As with past versions of the guide, we solicited the help of a local barber shop to help test out the contenders. This year we worked with Joe and Anthony Berriola of Razor’s Barbershop, a popular Boston-area shop that specializes in beard care and shaves. Before leaving the full shipment of beard trimmers with them for hands-on testing, we looked at all 17 of the contenders and dismissed a few for being too expensive, too bizarrely designed, or too specialized for most people. There were also a couple of trimmers we dismissed because one or two among us had owned them in the past and had few nice things to say about them. Joe and Anthony were kind enough to test all 13 of our top contenders.
Over the course of one week, Joe and Anthony used the trimmers on their customers’ beards and heads, looking first and foremost for trimmers that could cut through hair with adequate power and without pulling any hair. They also looked for trimmers with sharp blades, an even balance, a slim body, and versatility for cutting different lengths of hair, including whether or not it could approximate a shave. The goal was to find the trimmers that would work best for most men in an at-home environment while relying on the experience and expertise of pros to identify any potential problems. They took notes, ranked the quality and features of each trimmer, and winnowed the pool down to a few of their favorites. To assist them, I had Joe and Anthony answer and take notes on the following questions:
A week later, I returned to the shop and had my beard trimmed with Joe and Anthony’s favorite, looking out for any pinching or pulling the thing might cause. I then took all the trimmers back and spent a few days tinkering with the top picks, noting any final design, performance, or reliability issues they might have posed.
The Wahl Lithium Ion+ Stainless Steel (#9818) beard trimmer offers the best balance of power, sharpness, precision, and handfeel of all the cordless trimmers we tested—and it’s the only cordless model that the barbers who performed our tests said they would use in their shop on their own customers.
The motor and blade are powerful and sharp enough to approximate a shave or to cut through thick, fully-grown beards with ease, but it’s also slim enough for grooming and precision detailing. In all our tests the trimmer pulled only a few hairs—fewer than any other cordless model. With a stainless steel exterior, it has the strongest, most durable body of all the trimmers we tested, and it has more clip-on guide combs, hair cutting accessories, and supplementary blades than all but one. The battery is advertised to last an average of four hours on a single charge, but our tests showed it lasting even longer with virtually no signs of power fade; most online user reviews seem to corroborate the trimmer’s long-term reliability. It also includes a charging LED to let you know when it needs a charge and when the charge is complete, and it comes packed with a few useful accessories: a beard comb, a small cleaning brush, and oil for lubricating the blade (which is recommended every month or so).

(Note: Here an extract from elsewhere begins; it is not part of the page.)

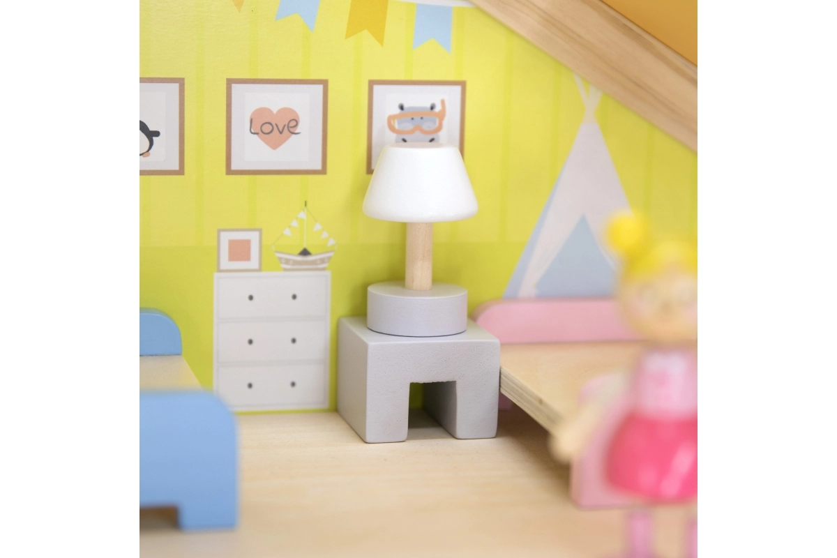 Tänu vastupidavale puidust konstruktsioonile ja siledatele servadele on mäng turvaline ja mõnus. Kuni 32 elementi arendavad kujutlusvõimet, peenmotoorikat ja sotsiaalseid oskusi. Ideaalne kuni 10 cm kõrgustele nukkudele.

With a ground T-shaped detailing blade, the Lithium Ion+ (9818) is ideal for shaping and grooming beards, but it’s also powerful enough for shaving or removing beards altogether (though no beard trimmer will get as close as a manual razor or electric shaver). This was far and away Joe and Anthony’s favorite cordless trimmer. In testing, they gave it their highest scores (5 out of 5 points) for how much hair it could remove in a single pass and how close the trim came to the skin. They also praised the Lithium Ion+ for leaving clean, detailed lines. When I had my beard trimmed with the 9818 I didn’t feel a single pulled hair, and in the weeks after it pulled maybe three or four—more a testament to my thick beard than anything else. This thing is just good at cutting, and you can tell from looking at the blades. Using the fingernail test, we could just barely fit our fingernail between the top and bottom blades, which suggests you’re going to have very precise, very close cutting performance. Barber Joe Berriola was pretty blunt in his fondness for the Wahl 9818, telling us it’s “almost as good as our professional trimmers.”

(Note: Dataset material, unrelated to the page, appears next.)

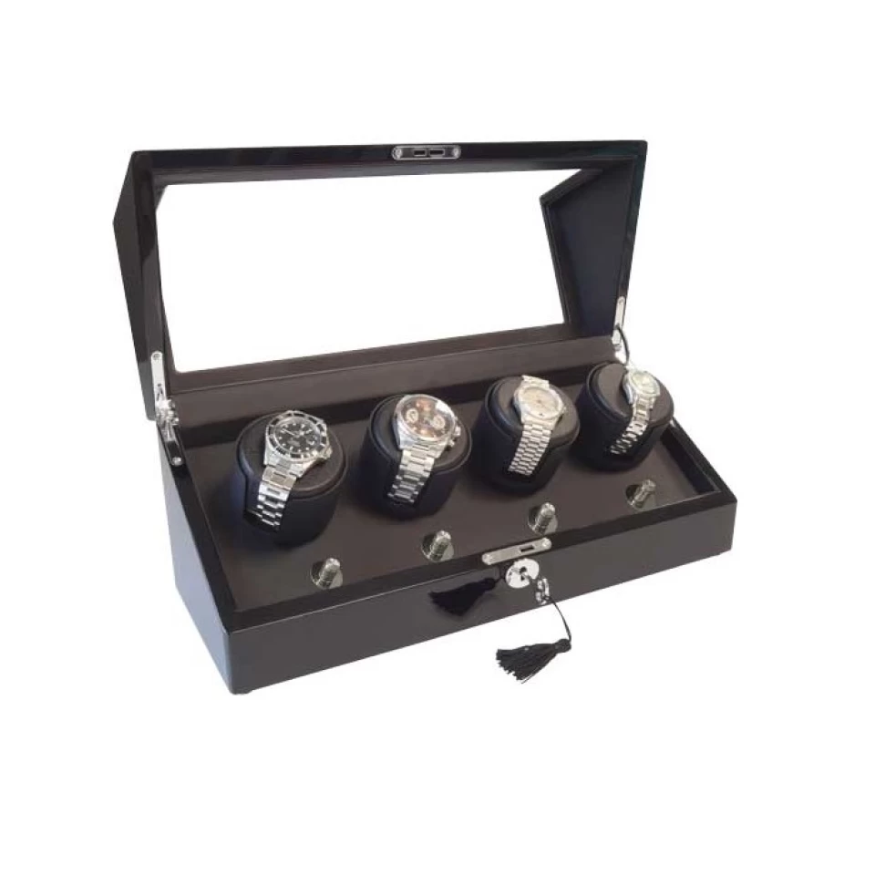 Conservez jusqu’Ă quatre de vos montres automatiques Ă©lĂ©gamment protĂ©gĂ©s et remontĂ©s pour une utilisation Ă tout moment. L’extĂ©rieur noir brillant est associĂ© Ă une doublure intĂ©rieure en similicuir noir souple. Les grands coussins de montre s’adapteront aux cadrans et aux bracelets de montre surdimensionnĂ©s. Deux moteurs japonais garantiront que vos plus belles montres sont prĂŞtes Ă porter. Les charnières de style boussole chromĂ©es et la serrure et la clĂ© de travail accentuent la construction de qualitĂ©.

With a stainless steel exterior, the Lithium Ion+ 9818 has the strongest, most durable body of all the trimmers we tested. No other trimmer we looked at was made from stainless steel, which has the added benefit of preventing hairs from sticking to it, a problem in plastic trimmers with rubberized grips (like our former pick). It weighs a bit more than most trimmers of its size and shape (a bit less than a pound), but that’s not necessarily a bad thing. That dense-but-slim handfeel ensures a comfortable and secure grip for precise detailing and trimming—another reason this is ideal for grooming. Joe and Anthony both agreed that they enjoyed the weight and feel of the Wahl 9818 more than the others, even if the steel proves a bit slippery in humid environments (like a bathroom after a shower).
In our several weeks of testing and living with the 9818, we did not have to charge its battery more than once. The 9818 is advertised to last four hours on a single charge, but in our endurance test, it lasted a whopping five hours and 19 minutes on a full charge and only showed signs of power fade within the last few minutes when the LED was blinking. This light also shines when plugged into the wall to let you know it’s charging—or, at least, it’s supposed to. The 9818 also has a one-minute “quick charge” that delivers three minutes of continued use, which is something we found in only a few other trimmers.

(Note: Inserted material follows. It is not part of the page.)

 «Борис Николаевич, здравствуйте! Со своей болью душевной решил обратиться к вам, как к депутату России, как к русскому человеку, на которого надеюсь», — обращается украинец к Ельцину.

The Lithium Ion+ Stainless Steel comes with 11 guide combs, as well as a detail trimmer, a detail shaver, and a rotary nose hair trimmer. Their quality is not amazing, but that’s more total accessories than you get with all but one of the cordless trimmers we considered. Combined with the T-shaped blade, it’s plenty of versatility for just about any beard trimming or grooming needs.
Wahl offers a five-year full warranty on most of its trimmers (including this one), which is longer than any other warranty we’ve seen from other manufacturers. This should help allay any fears you might have about the price or the chance you’ll get a lemon. Most user reviews seem to suggest the 9818 will last well into the warranty period. Some verified purchase reviews claim they’ve gotten months of use out of a single charge, while others claim they’ve had the thing for more than three years with no problems to speak of.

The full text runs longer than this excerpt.